- _Goal of the exercise_
What is needed is an exact copy of the lines from the start of the records below through the line with "فباعوها وأكلوها أثمانها", without the pictures.

- _Input for this task_
######
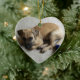 Black-mouth cur puppy with blue toy ceramic tree decoration
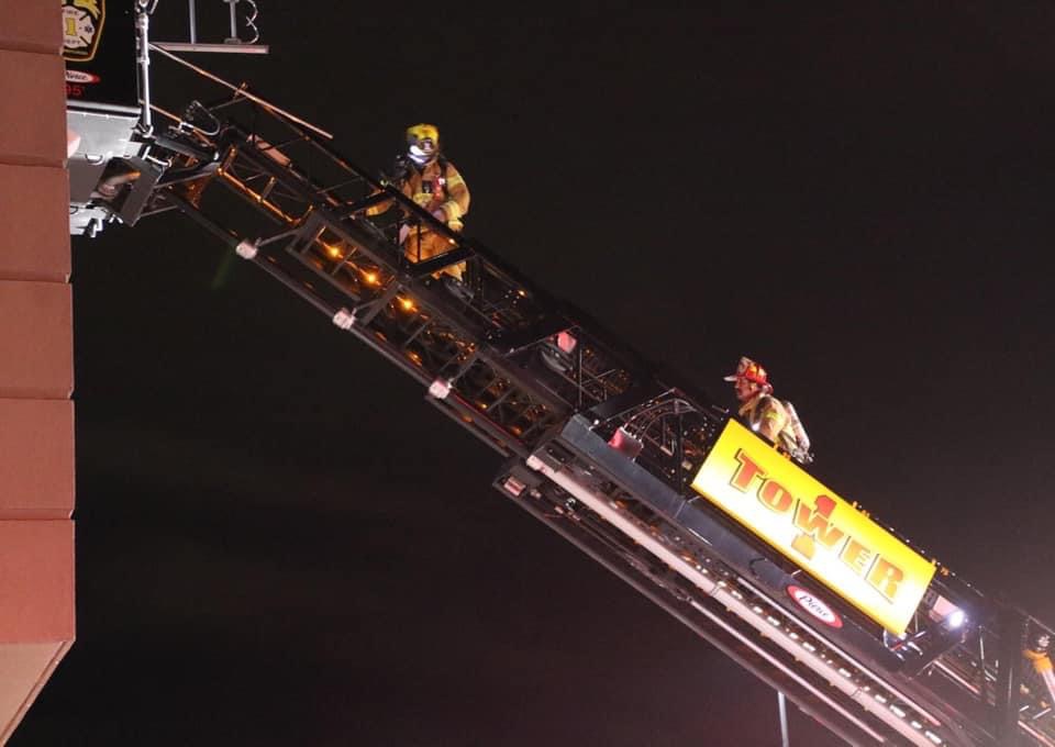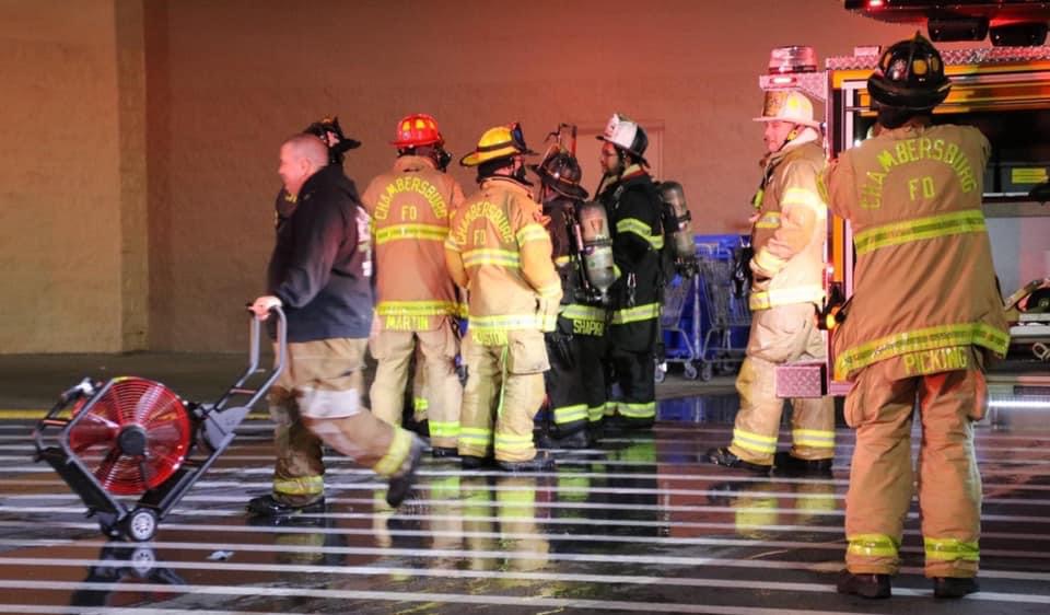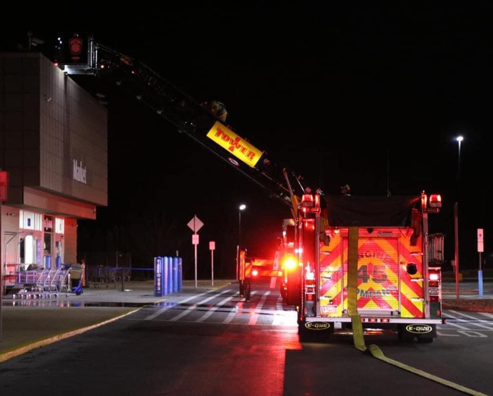 Tower 1 and Chief 1 responded as part of the 1st alarm assignment to 1730 Lincoln Way East, Wal-Mart, for smoke in the building. Initial crews found smoke increasing in the building and located a small fire in a storage area with a sprinkler activation. Crews remained on scene for about an hour for overhaul and clean up until released by Command 7.
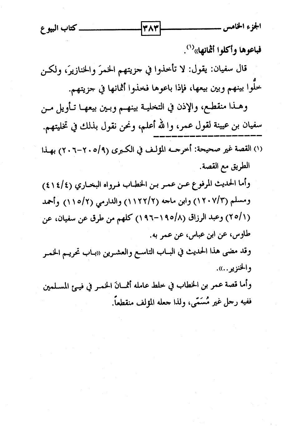 فباعوها وأكلوها أثمانها ' ( 1 ) . قال سفيان : يقول : لا تأخذوا في جزيتهم الخمرَ والخنازيرَ ، ولكن خلُّو بينهم وبين بيعها ، فإذا باعوها فخذوا أثمانها في جزيتهم . وهذا منقطع ، والإذن في التخلية بينهم وبين بيعها تأويل من سفيان بن عيينة لقول عمر ، والله أعلم ، ونحن نقول بذلك في تخليتهم .
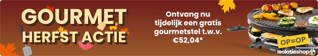 De Isolatieshop levert het gourmetstel niet na. De klant moet zijn/haar gourmetstel zelf toevoegen aan de bestelling door de code 'GOURMET2025' te gebruiken. - Online bestellingen
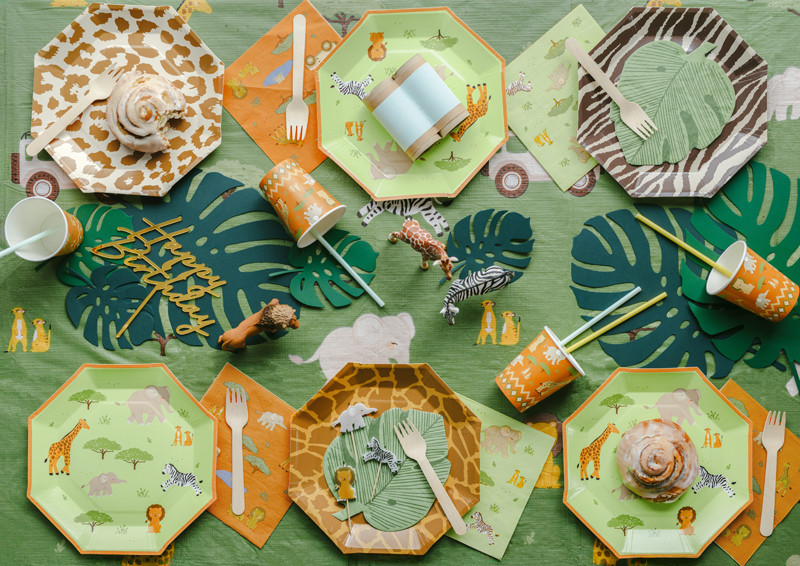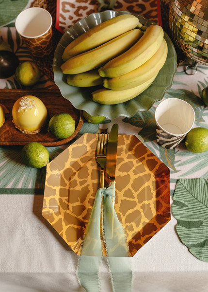 Egyedi Safari mintás papírtányérok, melyek zebramintával, leopárd foltokkal és zsiráf mintával díszítettek, változatos, vidám hangulatot teremtenek bármilyen alkalomra.
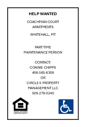 HELP WANTED: Coachman Court Apartments in Whitehall, MT is hiring for a part-time maintenance person. Contact Connie Chipps at 406-565-5308 or Circl K Property Managament, LLC at 509-279-0240.
######
- _The answer_
 Black-mouth cur puppy with blue toy ceramic tree decoration
 Tower 1 and Chief 1 responded as part of the 1st alarm assignment to 1730 Lincoln Way East, Wal-Mart, for smoke in the building. Initial crews found smoke increasing in the building and located a small fire in a storage area with a sprinkler activation. Crews remained on scene for about an hour for overhaul and clean up until released by Command 7.
 فباعوها وأكلوها أثمانها ' ( 1 ) . قال سفيان : يقول : لا تأخذوا في جزيتهم الخمرَ والخنازيرَ ، ولكن خلُّو بينهم وبين بيعها ، فإذا باعوها فخذوا أثمانها في جزيتهم . وهذا منقطع ، والإذن في التخلية بينهم وبين بيعها تأويل من سفيان بن عيينة لقول عمر ، والله أعلم ، ونحن نقول بذلك في تخليتهم .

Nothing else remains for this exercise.